__TRY IT__
Nothing outside the range is to be copied. From the entries below, reproduce exactly the lines starting at the one with "广西壮族自治区海洋局政府网站月监测情况表(2022年12月)" and ending at the one with "NEG-RETROSPETTIVA EROS RAMAZZOTTI", without pictures.

__RECORDS TO PROCESS__
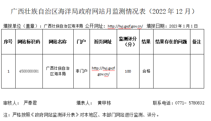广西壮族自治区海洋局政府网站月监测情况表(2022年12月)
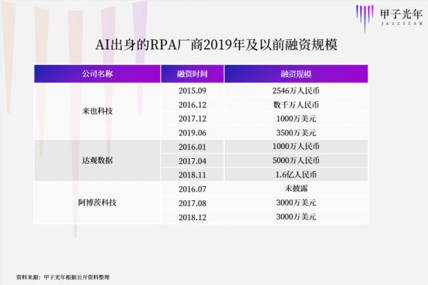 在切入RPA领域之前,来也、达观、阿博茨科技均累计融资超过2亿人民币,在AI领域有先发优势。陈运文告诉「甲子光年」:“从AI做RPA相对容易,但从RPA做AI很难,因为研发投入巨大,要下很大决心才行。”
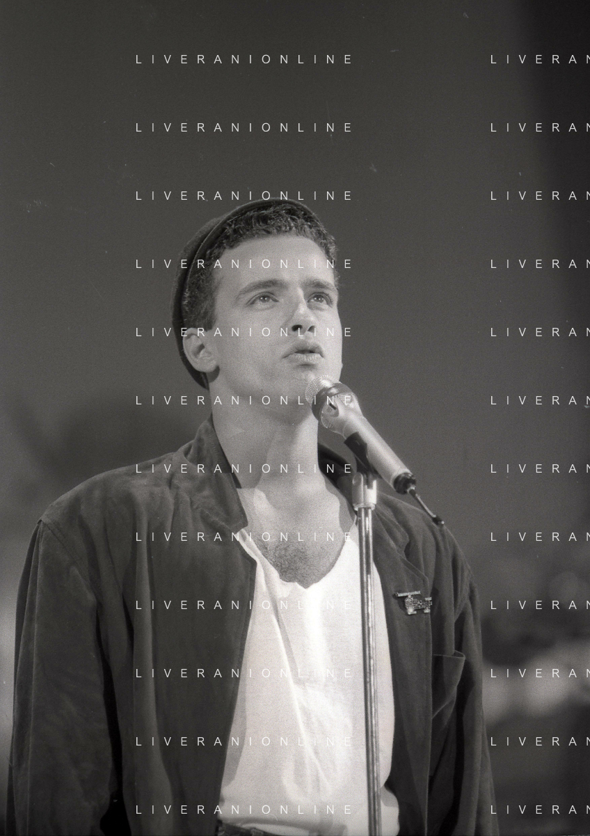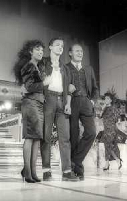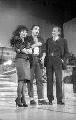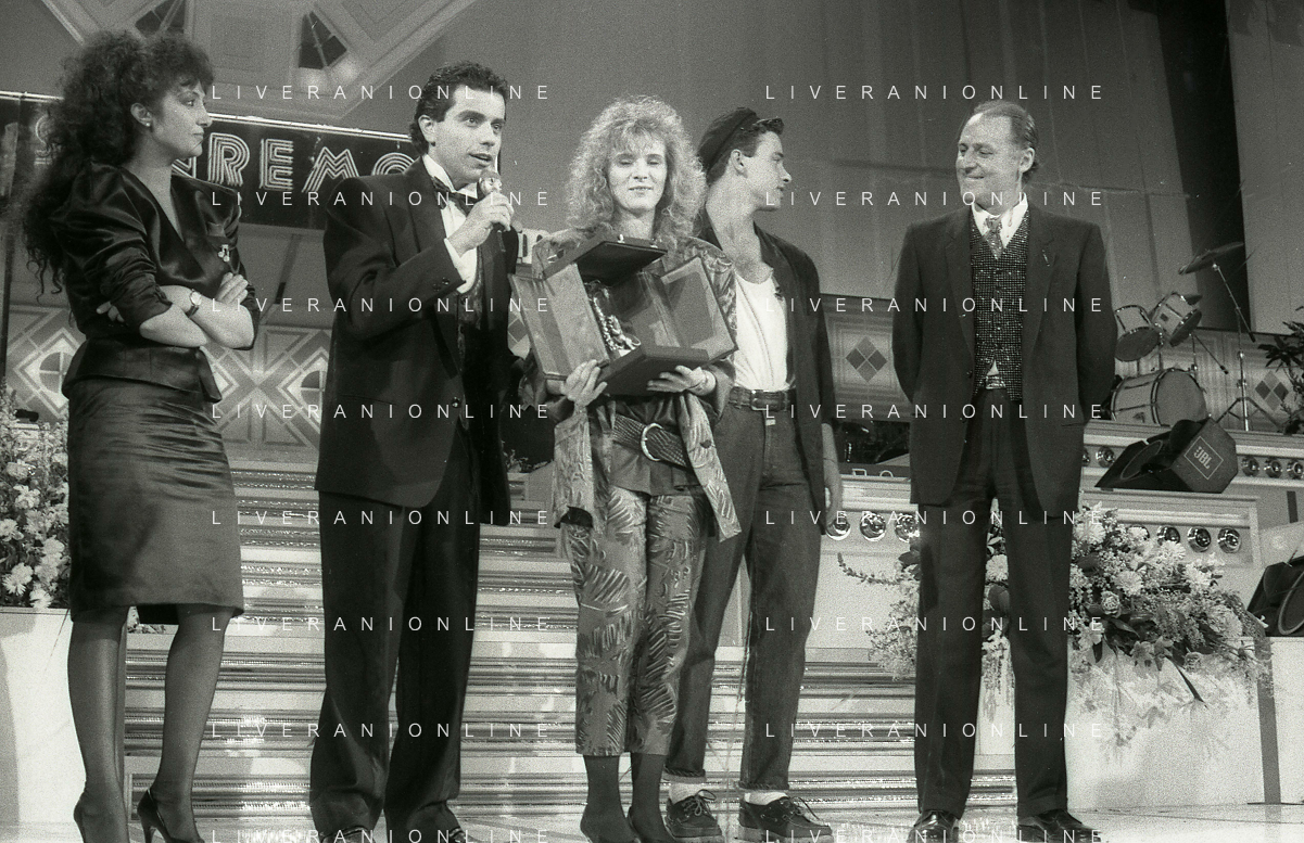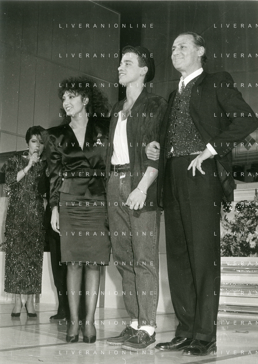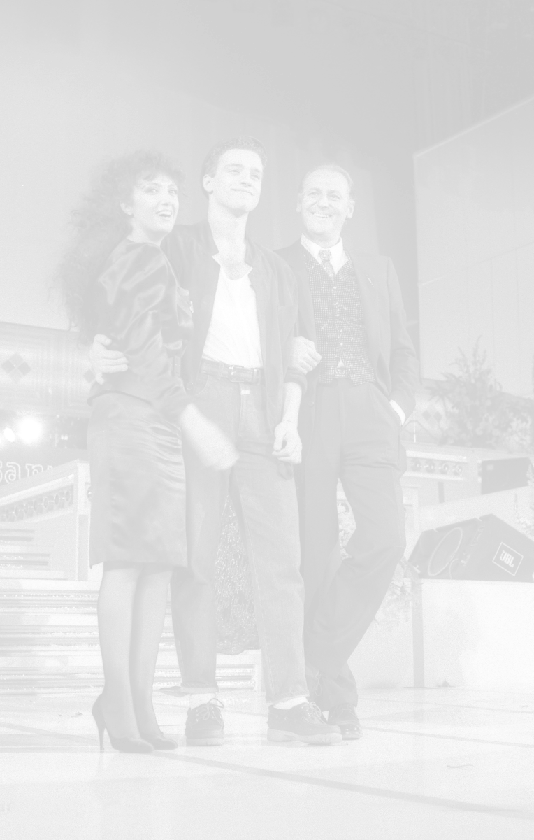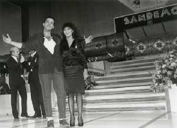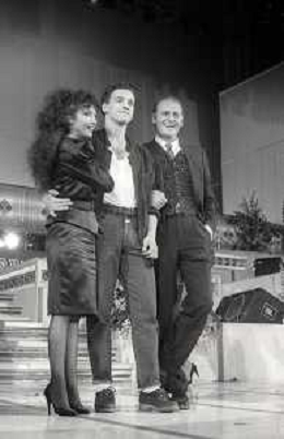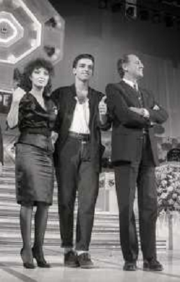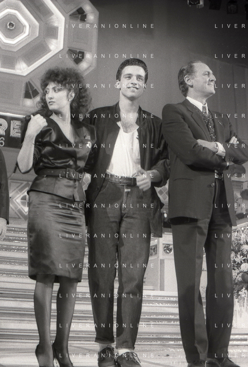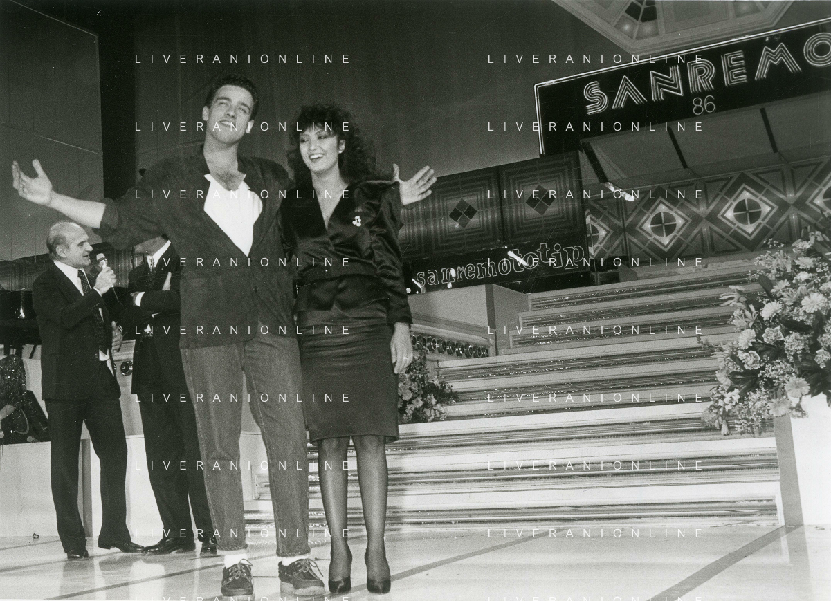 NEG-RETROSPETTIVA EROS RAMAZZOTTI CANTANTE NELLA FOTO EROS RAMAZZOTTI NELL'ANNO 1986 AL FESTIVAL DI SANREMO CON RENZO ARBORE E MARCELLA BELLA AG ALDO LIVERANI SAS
* * *
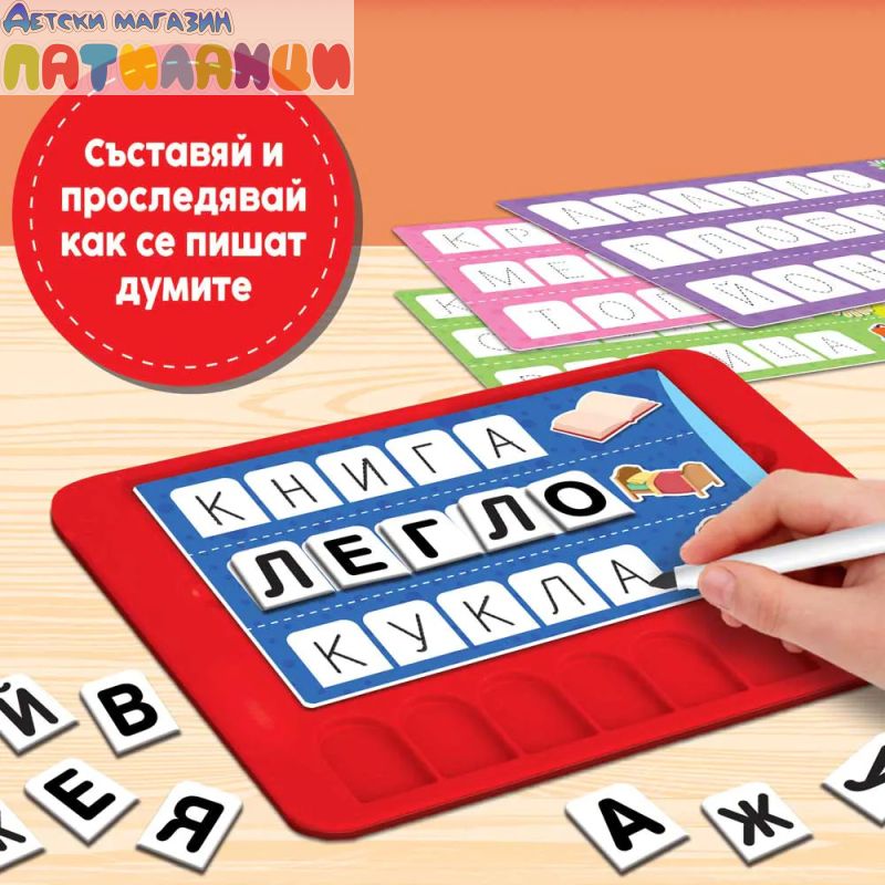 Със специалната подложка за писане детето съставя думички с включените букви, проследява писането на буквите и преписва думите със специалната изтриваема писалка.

__RESULT BELOW__
广西壮族自治区海洋局政府网站月监测情况表(2022年12月)
 在切入RPA领域之前,来也、达观、阿博茨科技均累计融资超过2亿人民币,在AI领域有先发优势。陈运文告诉「甲子光年」:“从AI做RPA相对容易,但从RPA做AI很难,因为研发投入巨大,要下很大决心才行。”
 NEG-RETROSPETTIVA EROS RAMAZZOTTI CANTANTE NELLA FOTO EROS RAMAZZOTTI NELL'ANNO 1986 AL FESTIVAL DI SANREMO CON RENZO ARBORE E MARCELLA BELLA AG ALDO LIVERANI SAS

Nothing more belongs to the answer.